Reproduce the data below word for word, setting aside any picture it holds.
··· Provided data
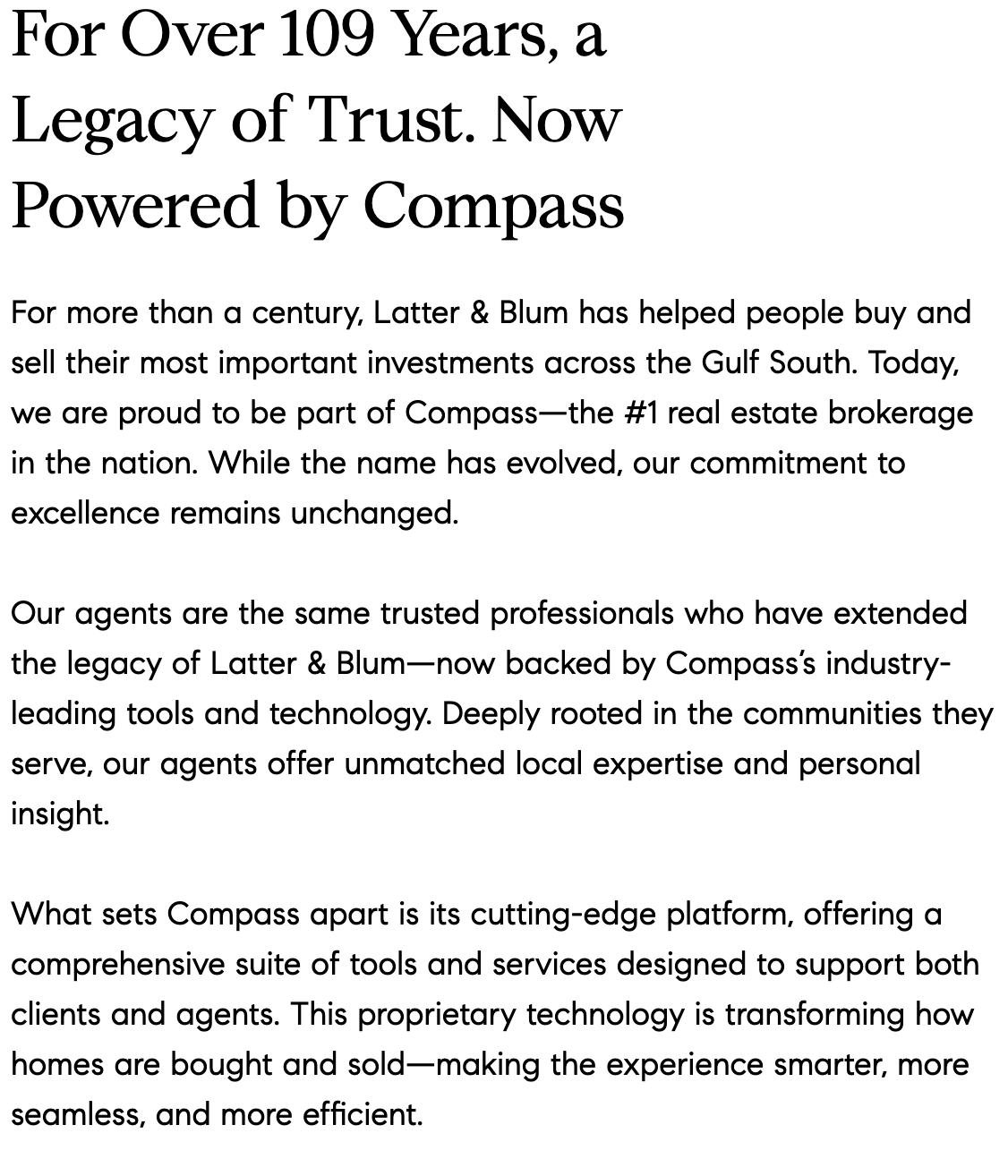 “Nossos agentes são os mesmos profissionais confiáveis que estenderam o legado de Last & Blum-agora apoiados pelas ferramentas e tecnologia líder do setor da Compass”, afirma a página.
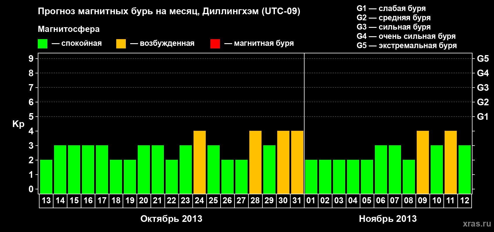 Прогноз магнитных бурь в Диллингхэме — 13 октября 2013 года
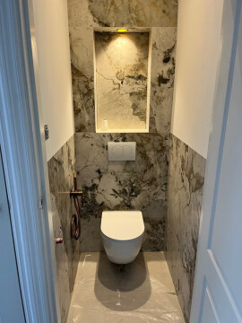 Beide badkamers en toiletten zijn hoogwaardig afgewerkt in een luxe natuurstenen/marmeren uitstraling, met oog voor detail en comfort.
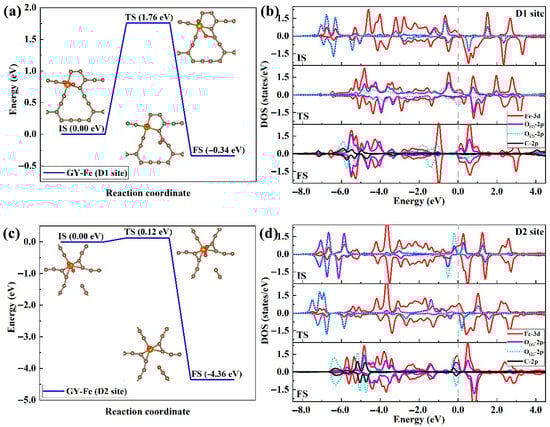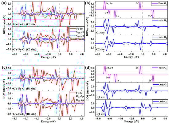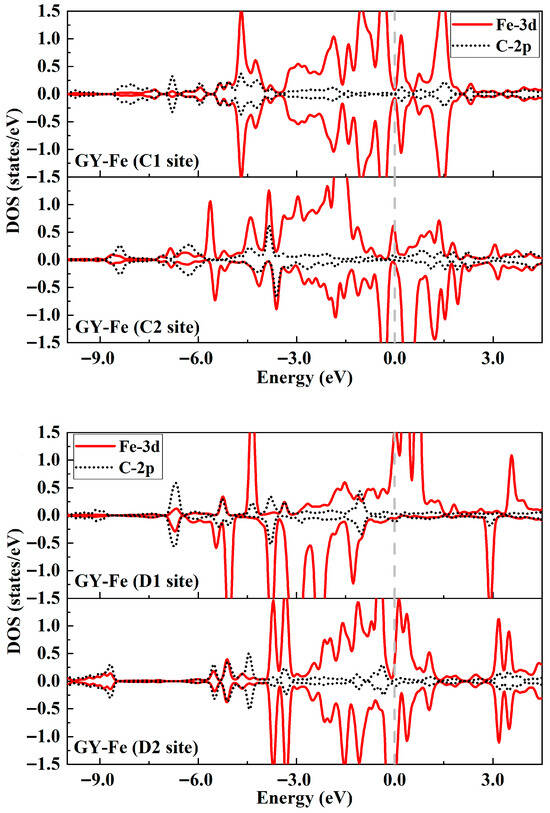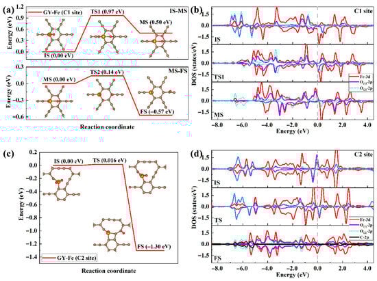 3.2. Activation and Dissociation Behaviors of O2 on GY-Fe Surfaces
······
- _Solution to this problem_:
 “Nossos agentes são os mesmos profissionais confiáveis que estenderam o legado de Last & Blum-agora apoiados pelas ferramentas e tecnologia líder do setor da Compass”, afirma a página.
 Прогноз магнитных бурь в Диллингхэме — 13 октября 2013 года
 Beide badkamers en toiletten zijn hoogwaardig afgewerkt in een luxe natuurstenen/marmeren uitstraling, met oog voor detail en comfort.
 3.2. Activation and Dissociation Behaviors of O2 on GY-Fe Surfaces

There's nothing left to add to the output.